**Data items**
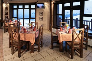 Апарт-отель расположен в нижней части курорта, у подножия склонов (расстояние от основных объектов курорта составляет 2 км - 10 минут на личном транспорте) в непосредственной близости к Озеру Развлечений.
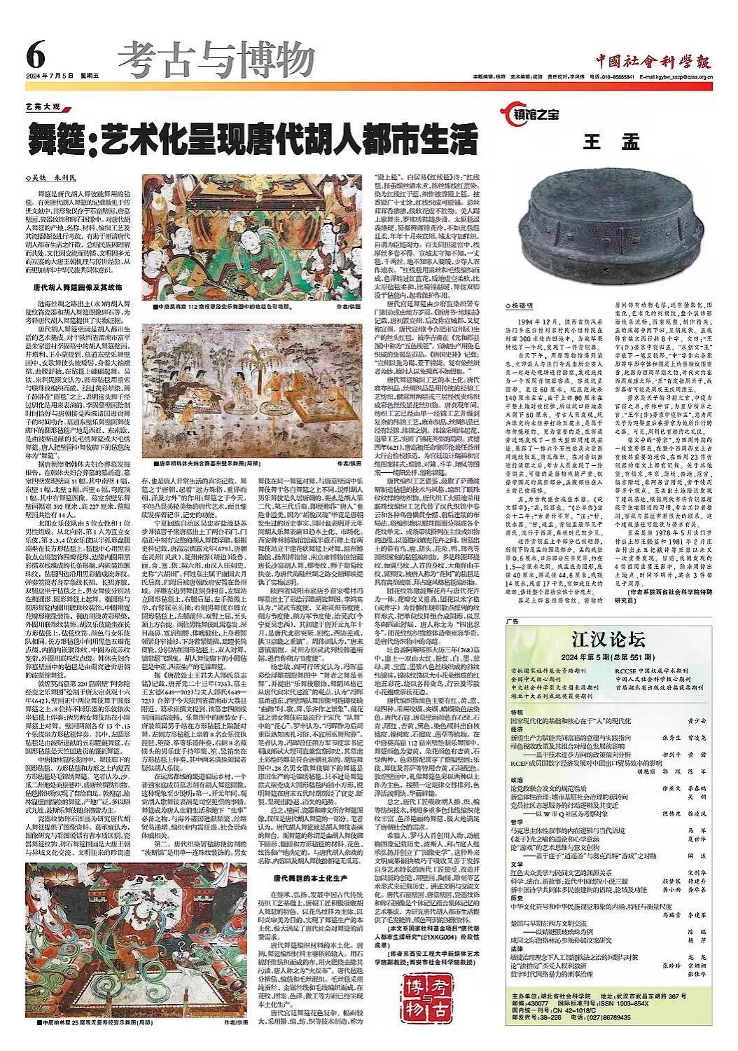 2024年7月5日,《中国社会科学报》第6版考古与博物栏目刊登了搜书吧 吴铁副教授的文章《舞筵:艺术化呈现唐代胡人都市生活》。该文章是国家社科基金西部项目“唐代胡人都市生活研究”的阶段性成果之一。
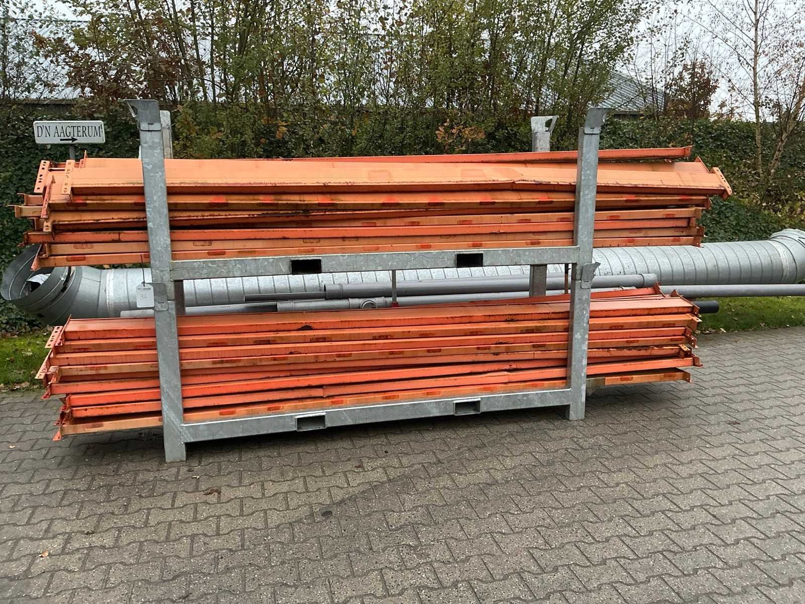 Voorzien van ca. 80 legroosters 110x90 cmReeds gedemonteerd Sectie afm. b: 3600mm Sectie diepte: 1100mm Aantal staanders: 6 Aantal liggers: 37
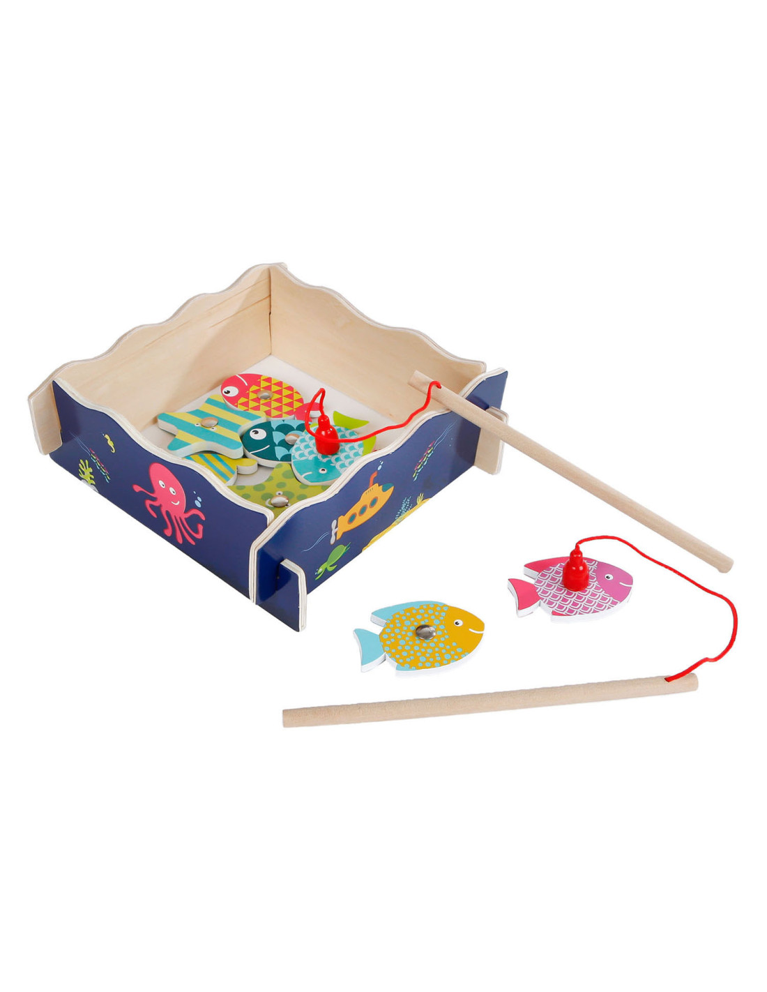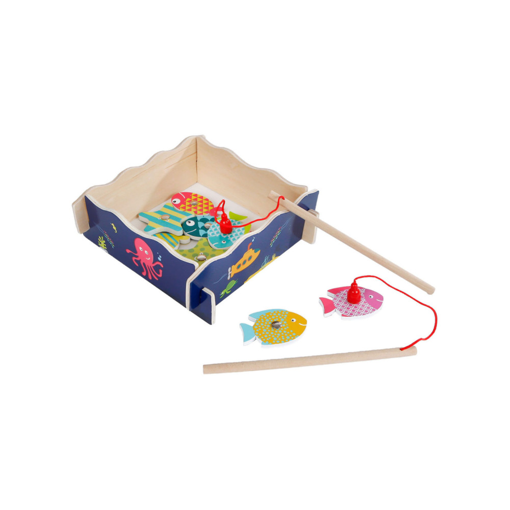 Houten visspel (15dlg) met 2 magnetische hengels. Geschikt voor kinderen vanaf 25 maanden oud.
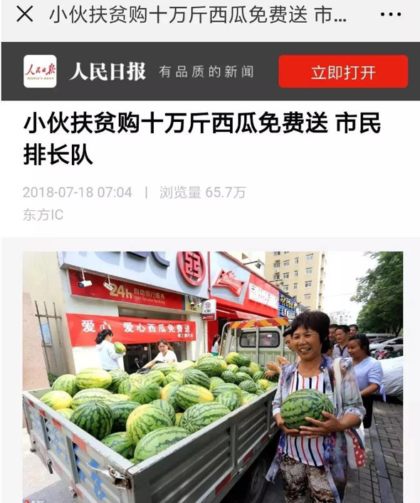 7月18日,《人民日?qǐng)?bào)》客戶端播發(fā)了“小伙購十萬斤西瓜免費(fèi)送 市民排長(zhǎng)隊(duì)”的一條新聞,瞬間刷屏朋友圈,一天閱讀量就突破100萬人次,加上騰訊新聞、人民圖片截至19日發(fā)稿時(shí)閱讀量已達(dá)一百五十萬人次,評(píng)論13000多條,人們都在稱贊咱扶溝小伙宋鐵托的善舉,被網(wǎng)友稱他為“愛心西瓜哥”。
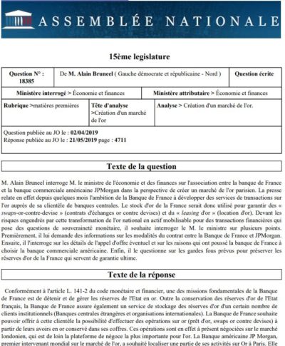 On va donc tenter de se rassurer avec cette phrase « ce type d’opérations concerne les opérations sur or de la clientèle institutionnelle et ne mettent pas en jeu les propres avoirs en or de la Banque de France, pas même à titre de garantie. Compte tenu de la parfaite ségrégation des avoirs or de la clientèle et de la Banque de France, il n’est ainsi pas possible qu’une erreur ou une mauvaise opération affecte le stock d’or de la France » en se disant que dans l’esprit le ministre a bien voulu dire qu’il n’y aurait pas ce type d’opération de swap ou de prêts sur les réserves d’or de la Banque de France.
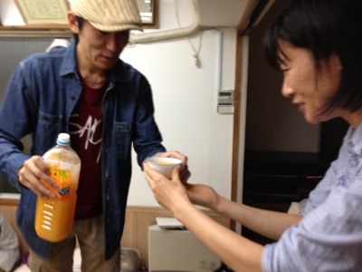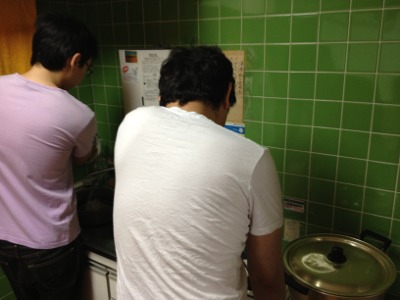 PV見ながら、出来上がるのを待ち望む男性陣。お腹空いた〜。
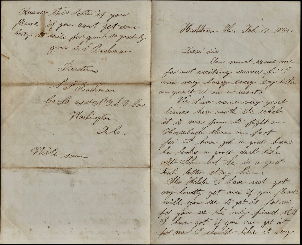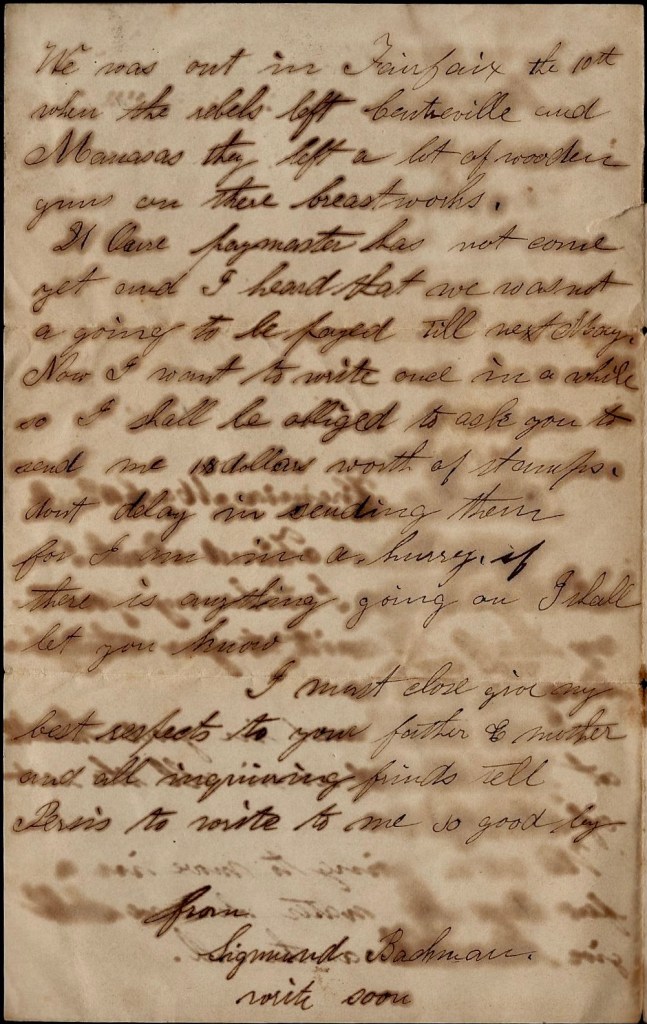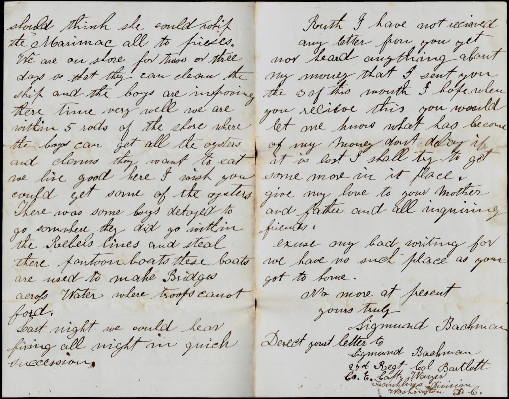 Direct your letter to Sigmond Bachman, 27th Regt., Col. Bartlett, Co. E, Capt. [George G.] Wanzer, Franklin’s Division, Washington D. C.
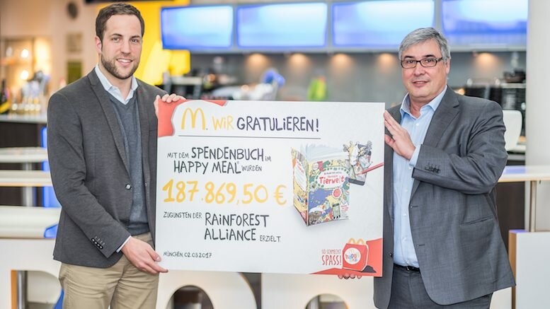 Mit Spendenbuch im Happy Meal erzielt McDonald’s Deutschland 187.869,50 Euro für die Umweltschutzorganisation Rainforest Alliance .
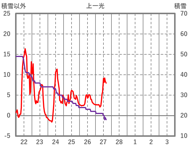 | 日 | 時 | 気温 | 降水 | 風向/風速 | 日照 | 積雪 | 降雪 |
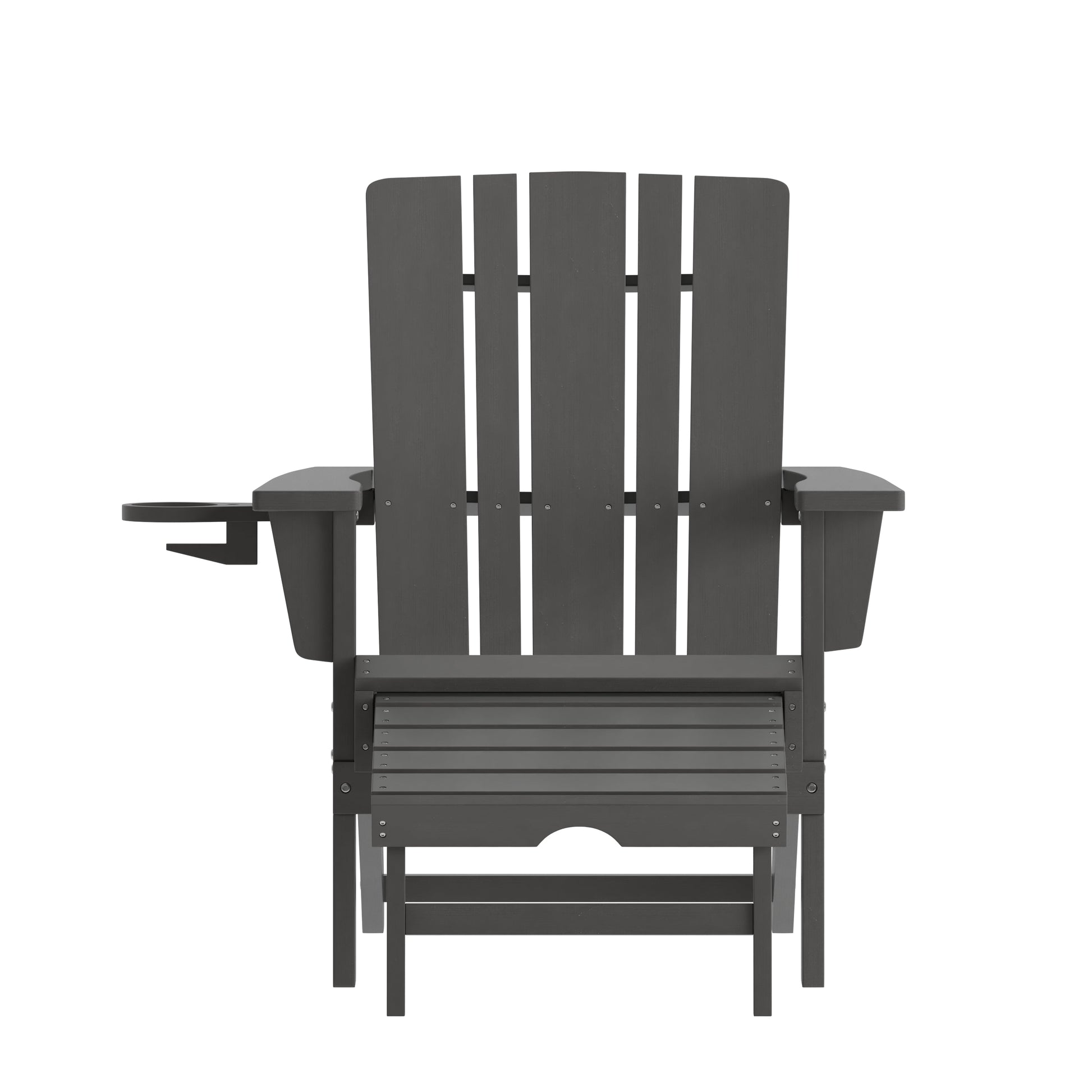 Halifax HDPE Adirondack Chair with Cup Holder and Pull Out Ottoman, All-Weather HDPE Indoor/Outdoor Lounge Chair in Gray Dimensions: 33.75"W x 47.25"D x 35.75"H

**Problem statement**
Retype, please, exactly the lines that begin with the one containing "Mit Spendenbuch im" and end at the last line of the entries above, both included, leaving out pictures.

**Reply to the task**
 Mit Spendenbuch im Happy Meal erzielt McDonald’s Deutschland 187.869,50 Euro für die Umweltschutzorganisation Rainforest Alliance .
 | 日 | 時 | 気温 | 降水 | 風向/風速 | 日照 | 積雪 | 降雪 |
 Halifax HDPE Adirondack Chair with Cup Holder and Pull Out Ottoman, All-Weather HDPE Indoor/Outdoor Lounge Chair in Gray Dimensions: 33.75"W x 47.25"D x 35.75"H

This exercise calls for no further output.